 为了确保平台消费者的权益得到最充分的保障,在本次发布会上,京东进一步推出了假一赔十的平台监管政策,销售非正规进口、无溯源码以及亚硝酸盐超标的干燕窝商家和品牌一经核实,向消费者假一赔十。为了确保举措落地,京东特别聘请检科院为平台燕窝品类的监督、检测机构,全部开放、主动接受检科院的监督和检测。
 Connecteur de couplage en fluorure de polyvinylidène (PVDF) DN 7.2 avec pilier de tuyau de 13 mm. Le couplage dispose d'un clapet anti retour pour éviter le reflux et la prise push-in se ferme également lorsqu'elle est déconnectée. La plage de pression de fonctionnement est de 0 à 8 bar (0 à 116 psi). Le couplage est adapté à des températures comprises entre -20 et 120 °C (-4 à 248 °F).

--

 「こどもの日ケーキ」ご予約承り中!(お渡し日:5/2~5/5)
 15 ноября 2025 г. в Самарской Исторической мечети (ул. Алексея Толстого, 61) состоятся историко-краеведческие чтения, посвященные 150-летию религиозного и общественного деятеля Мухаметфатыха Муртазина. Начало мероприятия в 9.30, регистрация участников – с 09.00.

● **Exercise aim**: Keep both end lines and retype everything in the records above from the line containing "为了确保平台消费者的权益得到" through the line containing "Connecteur de couplage", exactly, with nothing else.

● **Result below**:
 为了确保平台消费者的权益得到最充分的保障,在本次发布会上,京东进一步推出了假一赔十的平台监管政策,销售非正规进口、无溯源码以及亚硝酸盐超标的干燕窝商家和品牌一经核实,向消费者假一赔十。为了确保举措落地,京东特别聘请检科院为平台燕窝品类的监督、检测机构,全部开放、主动接受检科院的监督和检测。
 Connecteur de couplage en fluorure de polyvinylidène (PVDF) DN 7.2 avec pilier de tuyau de 13 mm. Le couplage dispose d'un clapet anti retour pour éviter le reflux et la prise push-in se ferme également lorsqu'elle est déconnectée. La plage de pression de fonctionnement est de 0 à 8 bar (0 à 116 psi). Le couplage est adapté à des températures comprises entre -20 et 120 °C (-4 à 248 °F).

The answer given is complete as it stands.